Description: | Jimena Pardo spent her early childhood in Chile, living in the shadow of the repressive Pinochet dictatorship which seized power in September 1973, ushering in an era of detention, torture and disappearance. Her parents were among the thousands detained in the early months. Jimena was left in the care of her grandmother – to whom this arpillera is dedicated – and sometimes went with her to visit her parents in Tres and Cuatro Alamos detention centres. “I hold a deep admiration for [my grandmother’s] resilience … she did everything she could to support my parents and keep me safe”.
In 1976, Jimena and her mother Cristina made their way to England; her father joining them later. Like so many Chileans in these years, exile was their only option. Settling in the host country, bereft of extended family supports - particularly her grandparents - was difficult, yet they found a way to stay in touch through cassette tapes: “…My parents would record me, and they would send these cassettes to my grandparents”.
Participating in an online arpillera workshop on exile and memory ‘Arpillerando el Exilio’ facilitated by Chilean arpillerista Maria Alicia Salinas Farfan seeded this arpillera. “I always wanted to document how we used tapes as a form of communication…. how we expressed our existence, and our love and tried to keep a family connection even though we were so far apart”. Working through the arpillera medium "… adding the mountains … recreating a photo of my grandmother alongside my message to her" enabled Jimena to “express my longing to return to Chile”.

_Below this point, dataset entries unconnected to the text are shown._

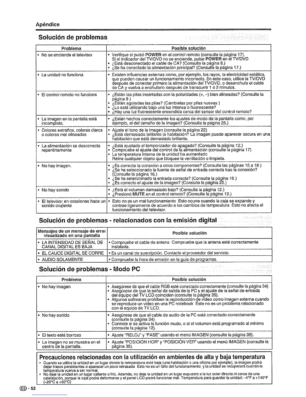 qua pueden causer un funcionamienfo [ncorrec[o. En este case, ulilice la TV/DVD
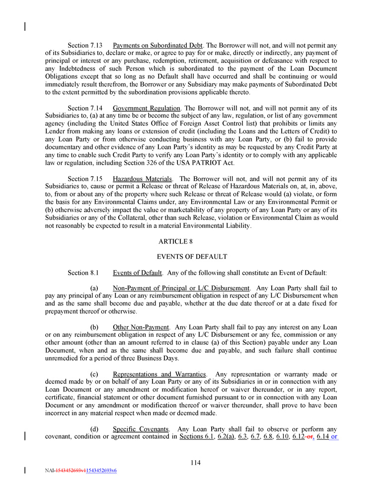 Section 7 . 13 Payments on Subordinated Debt . The Borrower will not, and will not permit any of its Subsidiaries to, declare or make, or agree to pay for or make, directly or indirectly, any payment of principal or interest or any purchase, redemption, retirement, acquisition or defeasance with respect to any Indebtedness of such Person which is subordinated to the payment of the Loan Document Obligations except that so long as no Default shall have occurred and shall be continuing or would immediately result therefrom, the Borrower or any Subsidiary may make payments of Subordinated Debt to the extent permitted by the subordination provisions applicable thereto . Section 7 . 14 Government Regulation . The Borrower will not, and will not permit any of its Subsidiaries to, (a) at any time be or become the subject of any law, regulation, or list of any government agency (including the United States Office of Foreign Asset Control list) that prohibits or limits any Lender from making any loans or extension of credit (including the Loans and the Letters of Credit) to any Loan Party or from otherwise conducting business with any Loan Party, or (b) fail to provide documentary and other evidence of any Loan Party’s identity as may be requested by any Credit Party at any time to enable such Credit Party to verify any Loan Party’s identity or to comply with any applicable law or regulation, including Section 326 of the USA PATRIOT Act . Section 7 . 15 Hazardous Materials . The Borrower will not, and will not permit any of its Subsidiaries to, cause or permit a Release or threat of Release of Hazardous Materials on, at, in, above, to, from or about any of the property where such Release or threat of Release would (a) violate, or form the basis for any Environmental Claims under, any Environmental Law or any Environmental Permit or (b) otherwise adversely impact the value or marketability of any property of any Loan Party or any of its Subsidiaries or any of the Collateral, other than such Release, violation or Environmental Claim as would not reasonably be expected to result in a material Environmental Liability . ARTICLE 8 EVENTS OF DEFAULT Section 8.1 Events of Default . Any of the following shall constitute an Event of Default: (a) Non - Payment of Principal or L/C Disbursement . Any Loan Party shall fail to pay any principal of any Loan or any reimbursement obligation in respect of any L/C Disbursement when and as the same shall become due and payable, whether at the due date thereof or at a date fixed for prepayment thereof or otherwise . (b) Other Non - Payment . Any Loan Party shall fail to pay any interest on any Loan or on any reimbursement obligation in respect of any L/C Disbursement or any fee, commission or any other amount (other than an amount referred to in clause (a) of this Section) payable under any Loan Document, when and as the same shall become due and payable, and such failure shall continue unremedied for a period of three Business Days . (c) Representations and Warranties . Any representation or warranty made or deemed made by or on behalf of any Loan Party or any of its Subsidiaries in or in connection with any Loan Document or any amendment or modification hereof or waiver thereunder, or in any report, certificate, financial statement or other document furnished pursuant to or in connection with any Loan Document or any amendment or modification thereof or waiver thereunder, shall prove to have been incorrect in any material respect when made or deemed made . (d) Specific Covenants . Any Loan Party shall fail to observe or perform any covenant, condition or agreement contained in Sections 6 . 1 , 6 . 2 (a) , 6 . 3 , 6 . 7 , 6 . 8 , 6 . 10 , 6 . 12 or , 6 . 14 or 114 NAI - 1543452693v1 1543452693v6
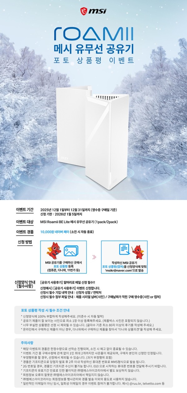 MSI Roamii BE Lite WiFi7 메시 유무선 공유기를 2025년 12월 1일부터 12월 31일까지 구매하고 사용 후기를 작성한 고객이라면 누구나 참여 가능하다. 기간 내 구매자들은 2026년 1월 5일까지 이벤트를 신청할 수 있다.
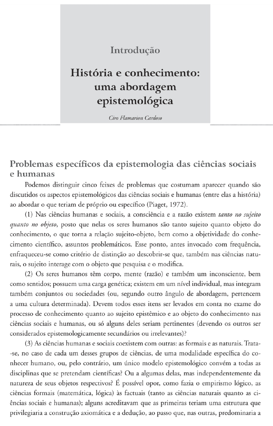 Introdução História e conhecimento: uma abordagem epistemológica CiroFlamarion Cardoso Problemas específicosda epistemologia das ciências sociais ehumanas Podemos distinguir cinco feixes de problemas que costumam aparecerquando são discutidos os aspectos epistemológicos das ciências sociais e humanas (entre elas a história) ao abordaro que teriam de próprioou específico (Piaget, 1972). (1) Nas ciências humanas e sociais, a consciência e a razão existem tanto no sujeito quanto no objeto, posto que nelas os seres humanos são tanto sujeito quanto objeto do conhecimento, o que torna a relação sujeito-objeto, bem como a objetividade do conhe cimento científico, assuntosproblemáticos. Esse ponto, antes invocado com frequência, enfraqueceu-se como critério de distinção ao descobrir-se que, também nas ciências natu rais, o sujeito interage com oobjetoque pesquisa e o modifica. (2) Os seres humanos têm corpo, mente (razão) e também um inconsciente, bem como sentidos; possuem uma carga genética; existem em um nível individual, mas integram também conjuntos ou sociedades (ou,segundo outro ângulo de abordagem, pertencem a uma cultura determinada).Devem todos esses itens ser levados em conta no exame do processo de conhecimento quanto ao sujeito epistêmico e ao objeto do conhecimento nas ciências sociais e humanas, ou só alguns deles seriam pertinentes (devendo os outros ser considerados epistemologicamentesecundáriosou irrelevantes)? (3) Asciências humanas e sociais coexistem com outras: asformaiseas naturais. Trata -se, no caso de cada um desses grupos de ciências, de uma modalidade específica do co nhecer humano, ou, pelo contrário, um único modelo epistemológicoconvém a todas as disciplinas que se pretendam científicas? Ou a algumas delas, mas independentemente da natureza de seus objetos respectivos? E possível opor, como fazia o empirismo lógico, as ciências formais (matemática,lógica) às factuais (tanto as ciências naturais quanto as ci ências sociais e humanas); algunsacreditavamque as primeiras teriam uma estrutura que privilegiaria a construçãoaxiomáticaea dedução, ao passoque, nas outras, predominariaa 2 Novos Domínios da História ELSEVIER indução;todavia, essa opiniãocomeçou a serfortementecriticada já no séculoXIX. Quis-se também separar as ciências em queotipo de objetopermitea experimentação (como fisica, química, biologia e psicologia) daquelasem que isso não ocorre (por exemplo, geologia, sociologia). Nos exemplos dados até agora, em cada conjunto formado segundo a aplicação do critério adotado apareceriam tanto ciências naturais quanto humanas e sociais, mas é igualmente possível defender a noção de que as ciências naturais e as que se ocupam dos homens sáo radicalmentediferentes entre si pelo fato de que, quando o objeto são os seres humanos, é impossível não se considerar questões atinentes ao valor eàsignificação. Essa foi a posição, por exemplo, dos neokantianos alem�cs do séculoXIX e do início do século XX. (4)As ciências sociais ehumanas são homogêneas em suascaracterísticas epistemoló gicas ou existem divergências e hierarquias em seu interior? Foi possível, outrora, transpor a oposição entre o nomotético (o estabelecimentode leis ou regularidades) eo idiográfico (a abordagem só do que éúnico e irrepetível) para dentro do conjunto das ciências que se ocupam com os homens em sociedade,considerando que algumas delas estabelecem leis ou regularidades - economia, demografia, sociologia, enquanto a História está confinada ao único e irrepetível, a singularidades não passíveis de generalizações legaliformes. Ou poder-se-ia afirmar, com Claude Lévi-Strauss, que algumas das ciências que seocupam com o homem colocam-se forade qualquer sociedade particular para se interessarem por todas associedadesesuas diferenças no tempo e no espaço (história, antropologia), ao passoque outras, pelo contrário, situam-seno interior de um único tipo de sociedade,cujas caracte rísticas básicas tomam como ponto de partida e consideram uma referência inescapável para suasanálises (economia).As primeiras estão desprovidasdos meios institucionais de interfe rência no curso das decisões e dos eventos, ao passo que as do segundo tipo possuem canais de atuação social e institucional: planos econômicos; decisões sobre a ação de empresas; psicólogos a serviço do governo, ou de entidadesprivadas, consultadossobrecontratações e eliminando disfunções e atritos (Lévi-Strauss, 1966). (5)Em uma interpretação específica e extrema dos descobrimentos da linguística e da semiótica, bem como das relações entre conhecimento e linguagem, desenvolveu-seum ramo especial de estudosepistemológicosvoltado-em especial no tocanteaos estudos hu manos esociais -paraopapel do discurso, da retórica edos aspectostextuais na construção do conhecimento, o qual pode até apresentaro conhecimento sobre o social ou o que se pretende afirmarsobreo passadohumano como mero "efeito do discurso": textos se opõem a textos ou remetem a outros textos; mas a sociedadeem si, ou a história que os homens fizeram no pasado, seriam objetos inatingíveis de conhecimento em si mesmas. Este tema serátratadono capítulo “Históriae textualidade,neste mesmo volume. As discussões sobre a epistemologiada história inserem-seno campo de indagações mais amplo invocado atéagora,além de apresentarem especificidades que trataremosde examinar. ELSEVIER Introdução |História e conhecimento: uma abordagem epistemológica 3 As modalidades básicas da epistemologia da história Não é possível afirmar que existam apenas três posturas epistemológicas diante da história, mas as modalidades básicas ou principais –de que dependerão as escolhas teóri co-metodológicas centrais –são somente três, que podemos denominar reconstrucionista, construcionista e desconstrucionista (Munslow, 1997, p. 1
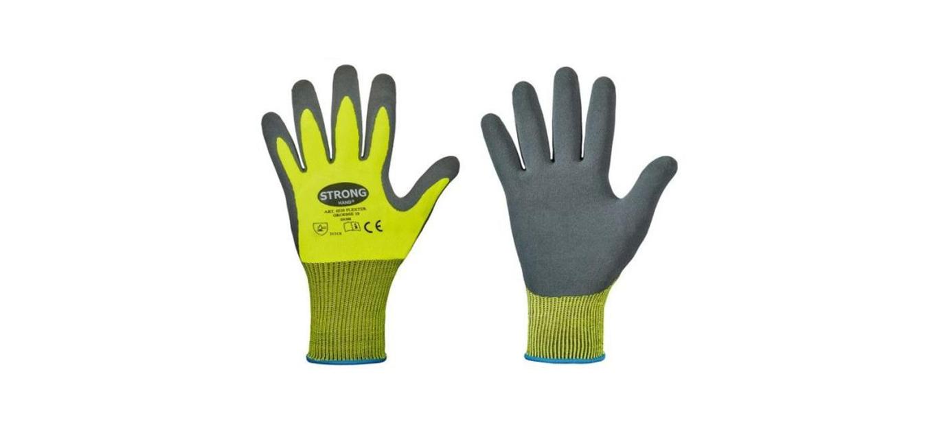 Latexbelagd stickad handske, polyesterbaksida 13G. Storlekar 7-11.
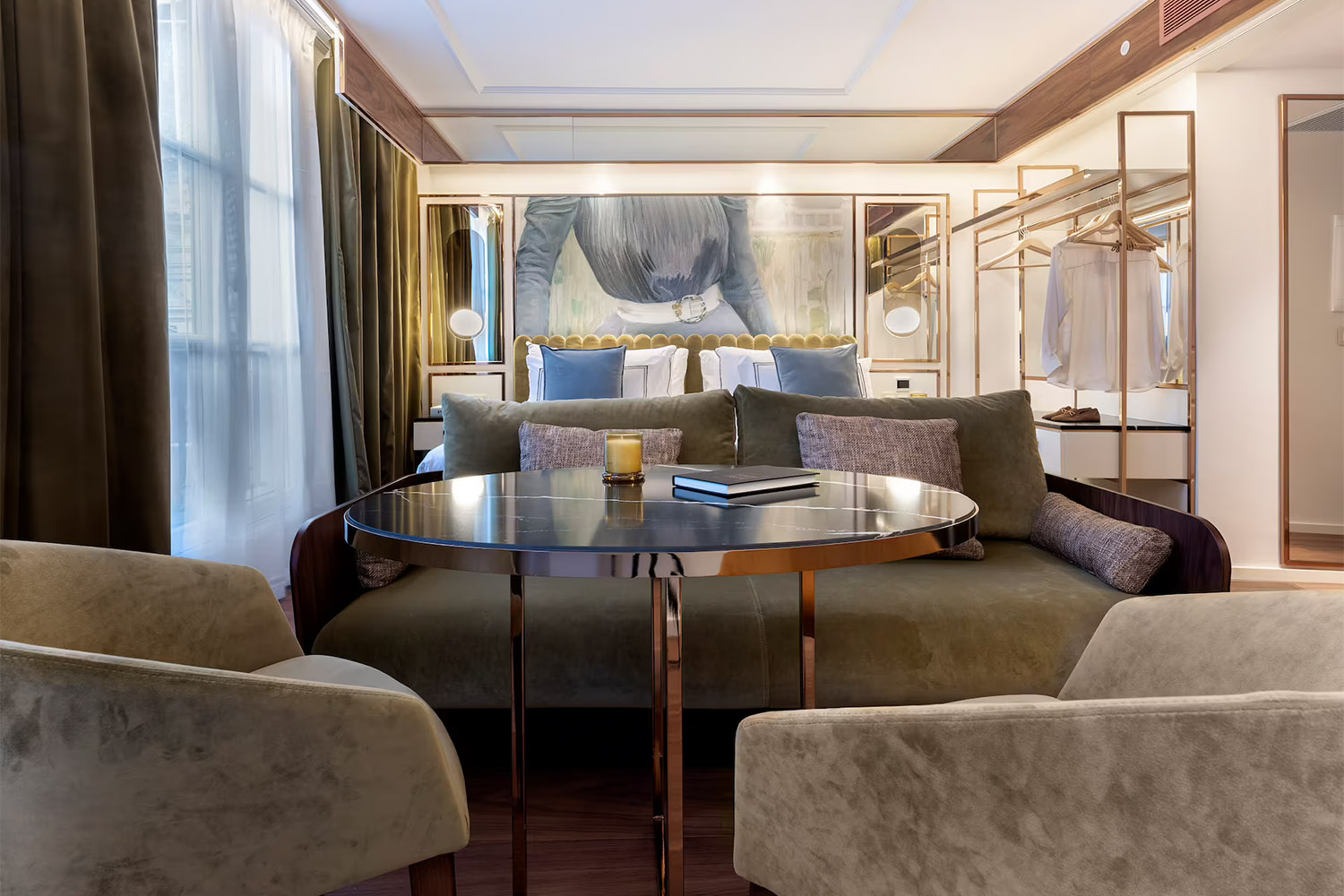 Discover the elegant aesthetics of Paris in every corner of this room, as well as more space and exceptional comfort. It includes a double bed, a sofa-bed and an espresso coffee maker. The bathroom provides a bathtub, bathrobe, slippers and luxurious amenities. STREET VIEW 1 KING BED OR TWO SINGLE BEDS 25 M² Rain shower Coffee maker and capsules DreamMaker mattress Bathrobe and slippers TV with Chromecast High-speed Wi-Fi

Through this arpillera, Jimena, who still has an unposted tape was “finally able to share the cassette that was never sent…I can hear my younger self and my mother's voice …it is moving to … travel back in time”. The words unravel from the tape across the Atlantic ocean, over the Andes mountains, to her grandparents in Chile. These deeply poignant, deeply personal words inscribed on the arpillera, “Dear Grandma, I love you, I miss you, your Jimenita always”, are part of the wider exile narrative. They epitomise “… a collective story of exile … stories from other refugees [who] also sent tapes back home”. Her name and identity stitched on the back of the arpillera “Hija del exilio, daughter of exile” is testimony to the experience of the estimated 200,000 people who were forced to leave Chile during the dictatorship era.